Review: Clairin Communal

The Clairin website is very informative but I’ll try to touch the main points here too.

Clairin, which is distributed by Velier, is rhum in, probably, its most simplistic form. I say “rhum” because Haiti was a French colony from 1625 until 1804 when they gained their independence, and Clairin is the rhum agricole, or cachaca* if you’d like, of Haiti. Now I say “simplistic” (not in a bad way) because of the way it’s made. Haiti is one of the poorest countries in the world and due to that almost everything is done by hand. From planting the sugarcane to the distillation everything is as simple as it can get. No pesticides, artificial fertilisers or gimmicks. The cane is usually planted along with other crops as well, the harvesting is done by hand and the transport to the distillery is done by donkeys or ox-drawn carts. The fermentation takes place using only the natural yeasts present in the cane juice. The wild fermentation can last anywhere from a few days to more than a week creating very pungent aromas that carry through the distillation. They usually use small pot stills over open fire for the distillation process.
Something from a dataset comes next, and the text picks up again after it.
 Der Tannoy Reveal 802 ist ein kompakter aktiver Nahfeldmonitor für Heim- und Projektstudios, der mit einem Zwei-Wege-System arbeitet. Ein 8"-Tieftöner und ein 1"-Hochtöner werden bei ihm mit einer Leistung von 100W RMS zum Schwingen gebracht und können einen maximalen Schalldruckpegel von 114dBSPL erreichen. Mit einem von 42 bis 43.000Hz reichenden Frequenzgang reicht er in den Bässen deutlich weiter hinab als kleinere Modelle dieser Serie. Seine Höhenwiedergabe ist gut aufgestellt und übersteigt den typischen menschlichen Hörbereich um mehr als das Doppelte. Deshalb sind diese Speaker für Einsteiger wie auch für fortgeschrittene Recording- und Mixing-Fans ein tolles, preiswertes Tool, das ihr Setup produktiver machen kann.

The Clairin Communal is made in said small pot stills and it’s a blend of four rhums from four different producers: Sajous, Vaval, Casimir and Le Rocher. Unlike other Clairin bottles distributed by Velier, this one is at an approachable 43% ABV and it’s designed mainly for mixing – which I did, that’s why I don’t have much left.

On the nose the Communal is grassy like you would expect for an unaged “agricole” but a bit more raw, sour even. The obvious cane juice jumps out along with lime zest, salty boiled corn, almonds, notes of pickles/vinegar, baking yeast and a sharp aroma like stinky cheese (I know…). There’s also a sweetness to it, ripe bananas, bit of pineapple and a malty note like freshly baked bread or like an elegant moonshine even. Grassy, savoury and pungent would be the tags I would attach to this.
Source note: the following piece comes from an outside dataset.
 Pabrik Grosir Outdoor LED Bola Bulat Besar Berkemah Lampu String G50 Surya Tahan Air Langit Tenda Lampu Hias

On the palate it’s not as pungent as suggested by the nose, it’s actually like a malt wine. Grassy vegetal notes kick in, I feel like I’m chewing grass and actually enjoying it. There are green olives, it really screams banana for me, the corn and lime zest make a comeback, white pepper and mixed herbs notes. There’s an almost minty aroma to it too, but I’d say “pine” would describe it better. It still surprises me how much body this has, it’s like a genever that was flavoured with some odd botanicals – I really want to chase it with a beer. The finish is sharp, fruity and peppery.

Clairin Communal doesn’t feel as raw as other Clairins that I’ve tasted (not many unfortunately). You can tell it has been tamed in order to make it work like a medium bodied mixing “white rum”. While I wouldn’t necessarily sit in front of a fire and drink this on its own, it actually works pretty well with a lager/pilsner on the side. If you’re a bartender like me and never tried any Clairins, this would be a very good and interesting start. Not a sipper for me but if you like your sugarcane juice juices and want a taste of the Haitian culture go for it!
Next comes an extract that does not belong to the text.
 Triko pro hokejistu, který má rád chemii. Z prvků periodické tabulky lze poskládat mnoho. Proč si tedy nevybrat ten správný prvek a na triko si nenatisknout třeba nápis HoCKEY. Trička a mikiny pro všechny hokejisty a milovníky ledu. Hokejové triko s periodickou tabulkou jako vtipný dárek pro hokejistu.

Another serve I would recommend is a Paloma but replace the tequila for Clairin (Clairin, a squeeze of lime and topped up with grapefruit soda – Ting).

*No, I’m not saying rum/rhum is cachaca or otherwise, just from a “national spirit” side of things, although the flavours are similar too.

Clairin Communal score:
Flavour/taste: 48/70
Value for money: 15/15
Transparency/purity: 15/15
Overall: 78/100


2 thoughts on “Review: Clairin Communal

  1. Nice review, this. I’ve had Clairin World Championship 2017 – Vaval (40%), Sajous (30%), Le Rocher (20%) & Casimir (10%) – so far and while we had a difficult start, it grew on me with every glass (I drank it neat, obviously). While I would definitely spend the money (~51 GBP) on something else in that case, Communal is half of the WC 2017 price and it makes we want to revisit this particular style.